- Raizen increased forward sales 10-fold in second quarter
- Biosev sees prices boosting cash generation next season
Brazil’s biggest sugar companies are locking in sales at the fastest pace in years amid record domestic prices, boosting projected profits.
Raizen Energia SA, a Royal Dutch Shell Plc and Cosan SA joint venture and the country’s top exporter, said it sold 954,000 metric tons of sugar for delivery in 2017 as of June. That’s a 10-fold increase from last year, and the biggest volume sold that far in the future since at least 2010, according to Cosan’s earning reports. Louis Dreyfus Co.’s sugar unit Biosev SA, the second-largest producer, has already sold about 645,000 tons in advance, or 40 percent of its projected exports, up from virtually zero a year earlier.
The rush to sell comes as sugar futures in New York almost doubled over the past year with global demand in the next season seen outpacing production by the most since at least 2000. That’s a reversal of a four-year-long decline that slashed profits in the industry, causing about 50 sugar and ethanol mills in Brazil to close and 70 to file for bankruptcy since 2011.
Now, with the sweetener reaching a nominal record in July when measured in reais, companies that sold in advance will be able to post gross margins of above 50 percent in exports in the season starting in April, twice as much as current levels, said Arnaldo Luiz Correa, a partner at Archer Consulting.
"It has been an unmissable opportunity," Correa said in a telephone interview.
About 4.3 million tons of Brazilian sugar for delivery in the local harvesting season starting April 2017 were already priced by mills in U.S. future markets as of the end of July. That corresponds to about 16 percent of projected exports, which makes it the fastest sale pace since at least 2012, when Archer started monitoring those transactions.

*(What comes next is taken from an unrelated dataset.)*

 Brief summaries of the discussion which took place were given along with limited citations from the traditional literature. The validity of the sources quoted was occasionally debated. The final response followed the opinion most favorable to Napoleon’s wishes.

"Prices are very attractive, signaling robust cash generation," Rui Chammas, the chief executive officer of Biosev, said in a telephone interview. The company is studying options that include the addition of capacity at current plants, allowing it to divert more cane to sugar production instead of ethanol as it seeks to take full advantage of favorable market conditions, he said. "This deficit cycle will still bring opportunities ahead of the harvest."

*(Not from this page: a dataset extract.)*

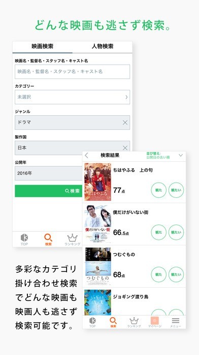 キネマ旬報が運営するアプリで、9万もの映画作品から様々な角度で映画作品が検索できる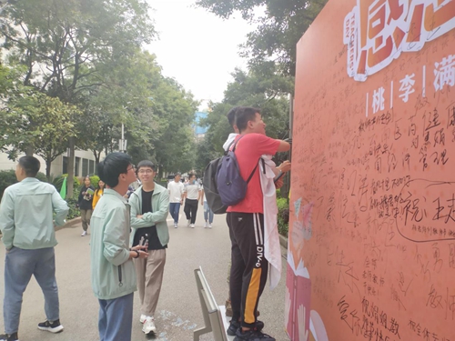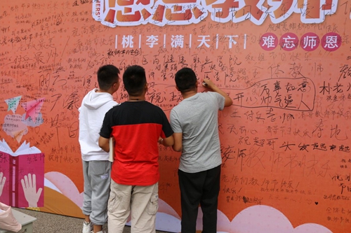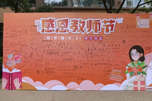 为弘扬中华民族尊师重教传统美德,激励教师热爱教育事业,积极进取,开拓创新,推动学校各项工作全面发展云南经济管理学院医学院于9月10日早上在一食堂门口进行了感恩教师节学生祝语墙同学们在上面写满了各式各样祝福教师们的祝福语言。

Sao Martinho SA, which usually starts selling its upcoming crop by September, had already sold 151,000 tons of sugar, or about 15 percent of its own cane production, for delivery in 2017 as of June 30. The amount was sold at an average price of 19.33 cents a pound, the company said in a filing on Aug. 8. Sugar for October delivery fell 0.7 percent to 20.52 cents a pound in New York. The futures contract has climbed 40 percent this year.

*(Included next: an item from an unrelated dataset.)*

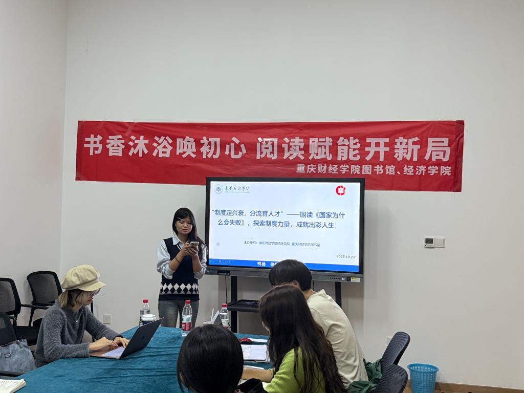 为搭建深度阅读与思想碰撞的平台,助力学子结合专业分流深化社会认知,10月23日下午,图书馆联合经济学院在图书馆大研讨室开展《国家为什么会失败》(2024经济学诺贝尔得主德隆·阿西莫格鲁著)围读活动。本次分享由杨麒渊老师主讲并全程指导,经济学院副院长刘春兰、图书馆管理员寸家菊老师、经济学院学团办主任蔡婷老师受邀出席,25名热爱阅读的同学齐聚一堂,在共读研讨中探索制度逻辑,为个人成长与发展积蓄思想力量。

The improved outlook for sugar has boosted shares of publicly traded producers in Brazil. Cosan, which also controls fuel distribution assets, has doubled over the past year, compared with the 26 percent gain for Brazil’s benchmark gauge. Biosev’s stock has also doubled, while Sao Martinho has risen 60 percent.
Cosan rose 3.3 percent to 37.78 reais at 3 p.m. in Sao Paulo, heading to the highest close since October 2014.
Selling sugar at current prices will enable top producers including Cosan and Sao Martinho to pay larger dividends and eventually make acquisitions, Credit Suisse analyst Viccenzo Paternostro said in an interview.
Brazil’s mills rush to sell may be a sign that the best rally among agricultural commodities has largely run its course as most analysts see sugar prices at their peak. Futures traded on ICE Futures are seen falling to 18 cents a pound in 2017, according to the median of analyst forecasts compiled by Bloomberg.
While a possible selloff by speculators in the U.S. futures market may send sugar prices down in the short term, the prospect of a widening global supply deficit combined with limited production expansion in Brazil should keep prices at attractive levels in the long term, Joao Alberto Abreu, Raizen’s sugar and ethanol vice president, said in an interview.
Higher sugar prices also offer hope for troubled companies including Tonon Bioenergia, which is under bankruptcy protection after defaulting last year.
"Margins will be high next year, and it will allow the company to reduce its debt," said Antonio Duarte, the manager at DGF Investimentos, the Brazilian private-equity firm that co-owns Tonon.
The real lost 33 percent against the U.S. dollar last year as Brazil slid into its worst recession in a century amid a corruption scandal and political crisis, boosting local prices for commodities that are usually traded in dollars in export markets. While the currency has recouped most of that lost ground with a world-beating 23 percent rally in 2016, it’s still 26 percent down from the past five years’ average.